The fund itself is not designed to be a campaign fundraising arm. Instead, it will help Snyder put out a "Michigan message about managing the budget, reducing pension liabilities and getting the debt down," the aide said.
Former Michigan Republican Party Chairman Bobby Schostak is raising money for the fund, according to multiple people active in state GOP politics. Schostak could not immediately be reached for comment Friday night.
Snyder has people raising money and is looking for staff, said a GOP donor who was not authorized to speak publicly about private discussions and requested anonymity.
The governor of a Midwest industrial state who bills himself as a practical decision-maker and a "tough nerd" turnaround artist, Snyder would not be a leading presidential contender should he run. But bottom-line Republicans could be impressed by the nearly 400,000 private-sector jobs created on Snyder's watch, an unemployment rate halved from 11.2 percent to 5.6 percent and a right-to-work law that made union fees optional.
Snyder also pushed his state's financially wrecked biggest city, Detroit, into federal bankruptcy court.

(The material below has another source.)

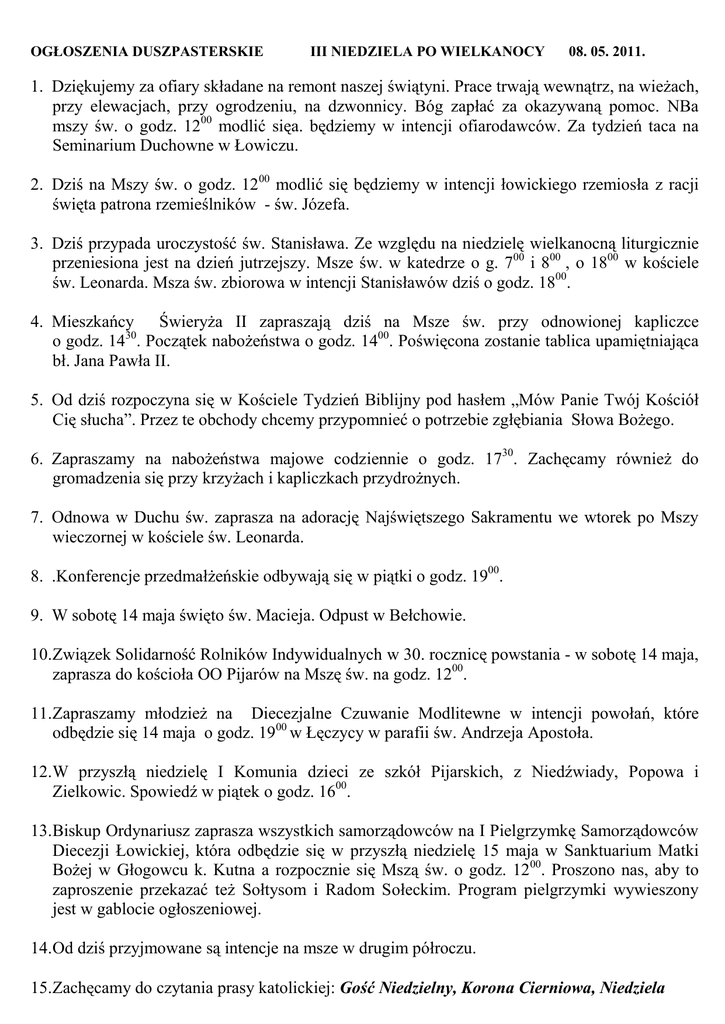 OGŁOSZENIA DUSZPASTERSKIE III NIEDZIELA PO WIELKANOCY 08. 05. 2011. 1. Dziękujemy za ofiary składane na remont naszej świątyni. Prace trwają wewnątrz, na wieżach, przy elewacjach, przy ogrodzeniu, na dzwonnicy. Bóg zapłać za okazywaną pomoc. NBa mszy św. o godz. 1200 modlić sięa. będziemy w intencji ofiarodawców. Za tydzień taca na Seminarium Duchowne w Łowiczu. 2. Dziś na Mszy św. o godz. 1200 modlić się będziemy w intencji łowickiego rzemiosła z racji święta patrona rzemieślników - św. Józefa. 3. Dziś przypada uroczystość św. Stanisława. Ze względu na niedzielę wielkanocną liturgicznie przeniesiona jest na dzień jutrzejszy. Msze św. w katedrze o g. 700 i 800 , o 1800 w kościele św. Leonarda. Msza św. zbiorowa w intencji Stanisławów dziś o godz. 1800. 4. Mieszkańcy Świeryża II zapraszają dziś na Msze św. przy odnowionej kapliczce o godz. 1430. Początek nabożeństwa o godz. 1400. Poświęcona zostanie tablica upamiętniająca bł. Jana Pawła II. 5. Od dziś rozpoczyna się w Kościele Tydzień Biblijny pod hasłem „Mów Panie Twój Kościół Cię słucha”. Przez te obchody chcemy przypomnieć o potrzebie zgłębiania Słowa Bożego. 6. Zapraszamy na nabożeństwa majowe codziennie o godz. 1730. Zachęcamy również do gromadzenia się przy krzyżach i kapliczkach przydrożnych. 7. Odnowa w Duchu św. zaprasza na adorację Najświętszego Sakramentu we wtorek po Mszy wieczornej w kościele św. Leonarda. 8. .Konferencje przedmałżeńskie odbywają się w piątki o godz. 1900. 9. W sobotę 14 maja święto św. Macieja. Odpust w Bełchowie. 10.Związek Solidarność Rolników Indywidualnych w 30. rocznicę powstania - w sobotę 14 maja, zaprasza do kościoła OO Pijarów na Mszę św. na godz. 1200. 11.Zapraszamy młodzież na Diecezjalne Czuwanie Modlitewne w intencji powołań, które odbędzie się 14 maja o godz. 1900 w Łęczycy w parafii św. Andrzeja Apostoła. 12.W przyszłą niedzielę I Komunia dzieci ze szkół Pijarskich, z Niedźwiady, Popowa i Zielkowic. Spowiedź w piątek o godz. 1600. 13.Biskup Ordynariusz zaprasza wszystkich samorządowców na I Pielgrzymkę Samorządowców Diecezji Łowickiej, która odbędzie się w przyszłą niedzielę 15 maja w Sanktuarium Matki Bożej w Głogowcu k. Kutna a rozpocznie się Mszą św. o godz. 1200. Proszono nas, aby to zaproszenie przekazać też Sołtysom i Radom Sołeckim. Program pielgrzymki wywieszony jest w gablocie ogłoszeniowej. 14.Od dziś przyjmowane są intencje na msze w drugim półroczu. 15.Zachęcamy do czytania prasy katolickiej: Gość Niedzielny, Korona Cierniowa, Niedziela

A year and a half later, the city emerged with a lighter debt burden, though still facing many difficulties.
For now, Snyder is focused on urging Michigan voters to approve a sales tax increase on the May 5 ballot to help repair the state's deteriorating road and bridge infrastructure.
His support for a tax hike sets him apart from recent Republican White House prospects, who have aggressively opposed tax increases under any circumstances. His push also underscores the former computer company CEO and venture capitalist's approach to governing regardless of the political consequences.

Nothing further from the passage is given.